The first and biggest leap forward from using simple println! statements is moving to structured logging. Imagine your logs as a stream of random text versus a stream of data. The former is for humans to read once; the latter is for both humans and machines to analyze forever.

Libraries like tracing are built for this. Instead of a line of text, you log an event with named fields. This means every log entry is a small packet of data that can be searched, filtered, and graphed by tools like Loki, Elasticsearch, or Datadog.

use tracing::{info, Level};
use tracing_subscriber::fmt::format::FmtSpan;

fn main() {
    // Initialize the default subscriber to format and output logs
    tracing_subscriber::fmt()
        .with_max_level(Level::INFO)
        .with_span_events(FmtSpan::CLOSE) // Record when spans close
        .init();

    let user_id = 42;
    let transaction_id = "tx-abc123";
    // This log has structured fields `user_id` and `transaction_id`
    info!(
        user_id,
        transaction_id,
        amount = 99.99,
        "Charge processed for user"
    );
}

When this runs, instead of just “Charge processed for user”, you get a line like this: INFO charge processed for user user_id=42 transaction_id=tx-abc123 amount=99.99. A log aggregator can now easily find all logs for user_id=42 or alert you if there are errors for transaction_id=tx-abc123. It changes debugging from grepping through text files to running queries.

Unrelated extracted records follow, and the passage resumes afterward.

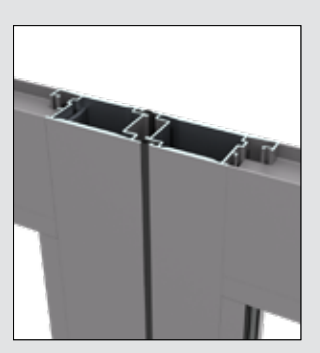
French door meeting stiles.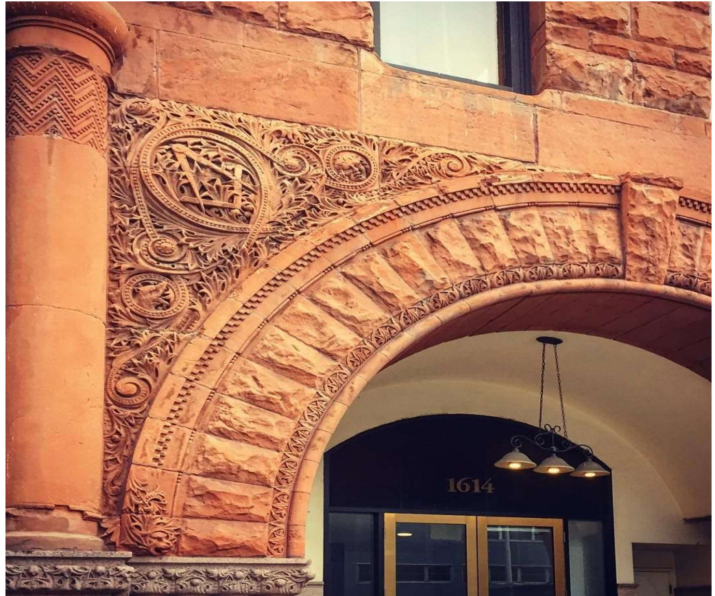
Our home, the historic Masonic building at 1614 Welton Street in downtown Denver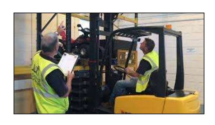
FORKLIFT FUNCTIONAL & LOAD TESTING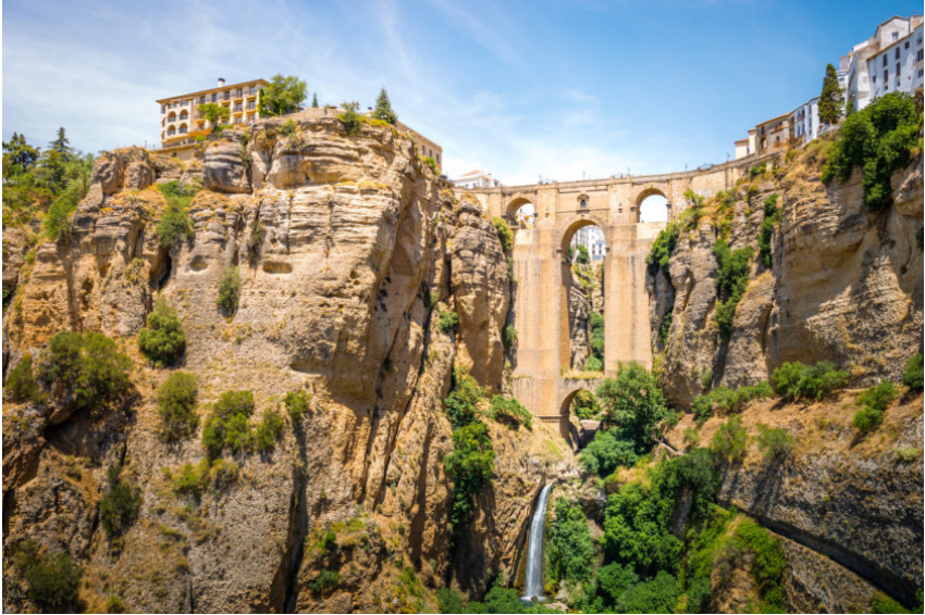
Ronda and its “Old Bridge”

Once you have structured logging, you’ll quickly face a new problem. In development, you want DEBUG level logs. In production, you usually want INFO or WARN. But when something goes wrong in production, you desperately wish you had those DEBUG logs for a specific module or request. Restarting the service with a new config is slow and might hide the bug.

This is where dynamic log level control saves you. You can change how verbose your logging is while the application is running. The tracing-subscriber crate has a reload layer that allows this.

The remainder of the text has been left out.